How to tune a PID controller to a nonlinear process?

You don't. You linearize the process, then have the PID controller work on the linear values.

By "linearize the process", I don't mean to actually make the process itself linear. That usually can't be done due to physics. However, you can put something non-linear between the output of the PID controller and the process input so that the PID output linearly controls the process from the PID controller's point of view.

Such a linearizer doesn't need to be very accurate since it is inside the feedback loop. It's purpose is to give the appearance of roughly constant gain across the control dynamic range. A simple and general way is a piece-wise linear table-based function. 16 or 32 segments is usually enough for anything but very highly non-linear processes.

The worst case example I've run into was controlling the current thru a electron tube by changing how hard the cathode filament was driven. The function of cathode temperature to electron beam current is highly non-linear, and the system controlling the cathode filament current was somewhat non-linear too. In this case it was too hard to predict this whole mess, so I used a calibration procedure during production that stepped thru the filament drive control values, measured beam current for each, then computed a 32 segment lookup table from that. It worked very well, and we were able to tune the beam current PID controller for good response across the whole range.

Without a linearizing function in front of the process, you have to tune the PID controller for stability at the highest incremental gain point of the process.

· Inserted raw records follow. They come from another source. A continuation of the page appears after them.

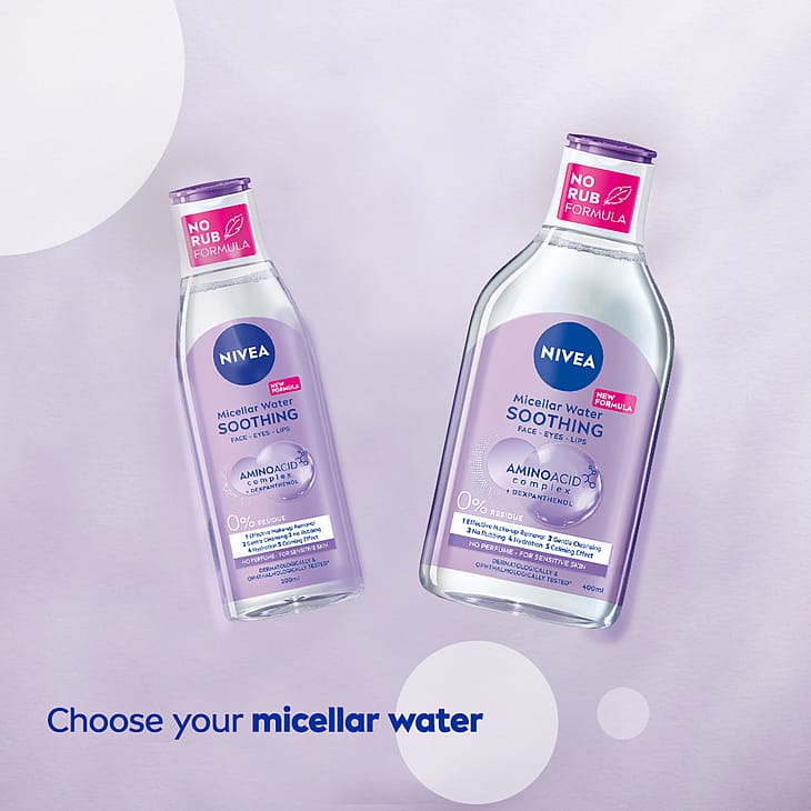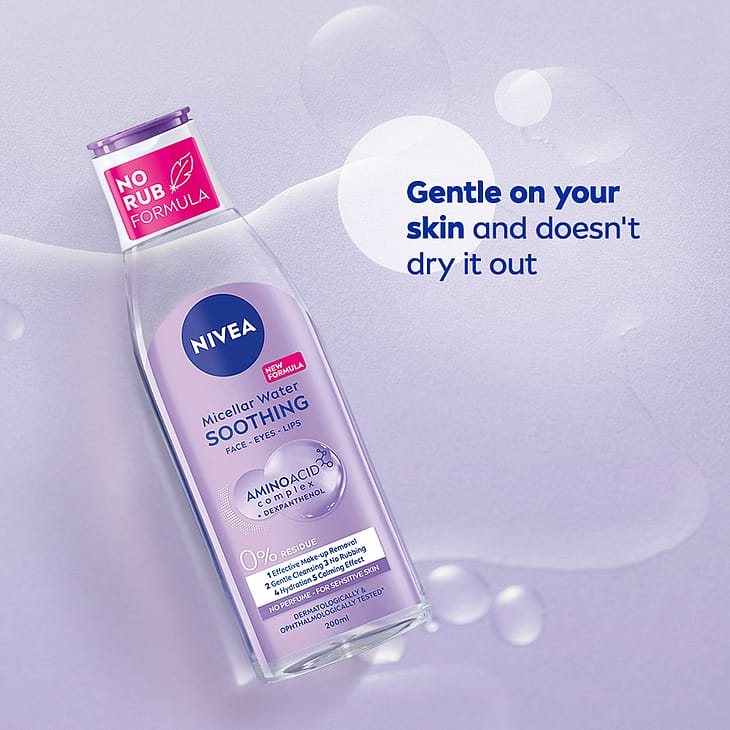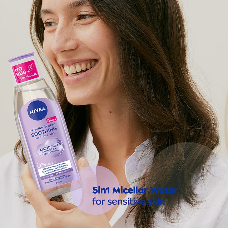 Erityisesti herkälle iholle kehitetty NIVEA Soothing Micellar Water -misellivesi poistaa meikin, puhdistaa ja rauhoittaa ihoa, jättämättä tuote- tai meikkijäämiä iholle. Rauhoittava koostumus sisältää Amino Acid Complex -aminohappoyhdisteen ja dekspantenolia. Hajusteeton misellivesi yhdistää tehokkaat misellit ja hellävaraiset aminohapot. Poistaa tehokkaasti meikin, epäpuhtaudet ja lian vain muutamalla höyhenenkevyellä pyyhkäisyllä, ei tarvetta hankaukselle! Testattu ihotauti- ja silmälääkäreiden valvonnassa. Vegaaninen koostumus.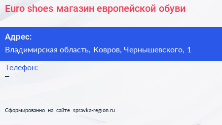 Euro shoes, магазин европейской обуви по адресу Владимирская область, Ковров, Чернышевского, 1 в дальнейшем Организация, размещена в следующих категориях: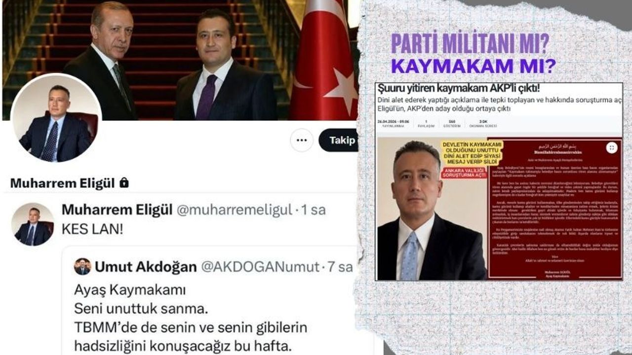 Dini alet ederek siyasi mesaj yayımlayan, CHP Milletvekili Umut Akdoğan'a 'Kes Lan' diye yazan ve daha önce AKP'den aday olduğu ortaya çıkan Ankara Ayaş Kaymakamı Muharrem Eligül hakkında soruşturma başlatılırken, Edirne Valiliği Hukuk Müşavirliği’ne görevlendirildi.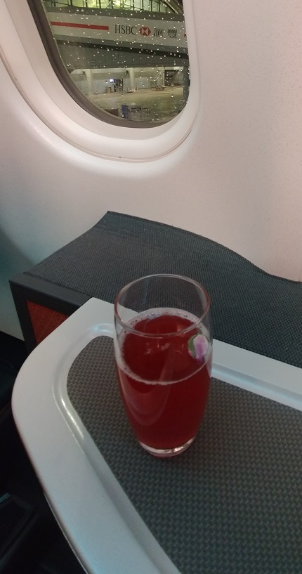 Attendants served pre-departure beverages before each flight. I chose the champagne (Tattinger Reserve) most times, though it tastes a little “boozy” to me. I also tried a CX signature plum juice/honey drink which was good if slightly cloying. FAs served quickly from a tray, and gathered at passenger leisure before takeoff.
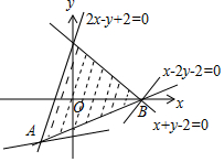 联立$\left\{\begin{array}{l}{2x-y+2=0}\\{x-2y-2=0}\end{array}\right.$,解得A(-2,-2),由图得B(2,0).

This then results in very damped behavior at other points.


Nothing in your updated question says anything about why the method above isn't still a good idea and applicable. You say you're using a analog controller. My first reaction is "The 1980s are long gone, don't do that." However, the PID controller and plant linearizer can be independent.

Apparently the plant input is power and output is temperature. Measure the typical steady state temperature at a range of power levels. From that you can compute the function that converts linearized "power" to actual plant power input. The analog PID controller is presumably putting out a voltage proportional to power. All you have to do is insert a black box in line with that voltage that does the linear measure to actual power level translation.

Normally you'd do this with a microcontroller that has a built-in A/D. Doing this table lookup and linear interpolation between points is trivial. It then outputs the result in a way that eventually gets converted to a voltage. Since the plant is slow compared to a microcontroller, this could be as easy as filtering and buffering a PWM output. Or you could drive a D/A directly, although that doesn't sound like it's necessary in this case.

In keeping with the 1980s theme of your controller, you could do this with a A/D, memory, and D/A for that retro feel.

In any case, the PID controller is now effectively controlling a linear plant as far as it knows, and tuning it to good performance should be possible.

Doing a piecewise linear transform on the plant input in one place is easier than tweaking 3 values inside the PID controller over the output range. The latter is a kludge, while the former addresses the problem directly. It is also a lot easier to measure the data for the linearizing function than to determine the P, I, and D gains at various points. Even if you did that, you still have transient issues, since the right gains are not immediately applied to the situation. Again "gain scheduling" is a kludge.

  • \$\begingroup\$ Very interesting, thanks for presenting the linearisator approach. I am using hardware controllers that are directly wired to relays though, so unfortunately I have to do gain scheduling. Is my identification approach correct? It feels like it is not. \$\endgroup\$
    – user42875
    Oct 30, 2015 at 17:13
  • \$\begingroup\$ I have edited my question to clarify my issue - the two last paragraphs in particular. (still, +1) \$\endgroup\$
    – user42875
    Oct 30, 2015 at 18:25
  • \$\begingroup\$ I've asked the manufacturer of the controllers if I can insert a look up table with linear interpolation before the output - if that can be done, I'll definitely go for that option even if that means I'll have to forget about the usual tuning tools based on transfer function and such. It's elegant. If they don't, I'll have to do the very tedious gain scheduling, but apparently there is nothing wrong with my approach, which is what I wanted to check. \$\endgroup\$
    – user42875
    Nov 2, 2015 at 16:46

Remember that when you linearize a model, you are effectively assuming that the nonlinear model y = f(x) is replaced with y = A*(x-x0) + B. Notice that x0 is the linearization point. When you introduce ranges for x, you end up with multiple A's, B's and x0's. Either way, the input to your controller is going to be the error with respect to the current linearization point. However, you still offset the input signal (with B), so even if the error is 0 with respect to the current linearization point, you still will carry on a signal.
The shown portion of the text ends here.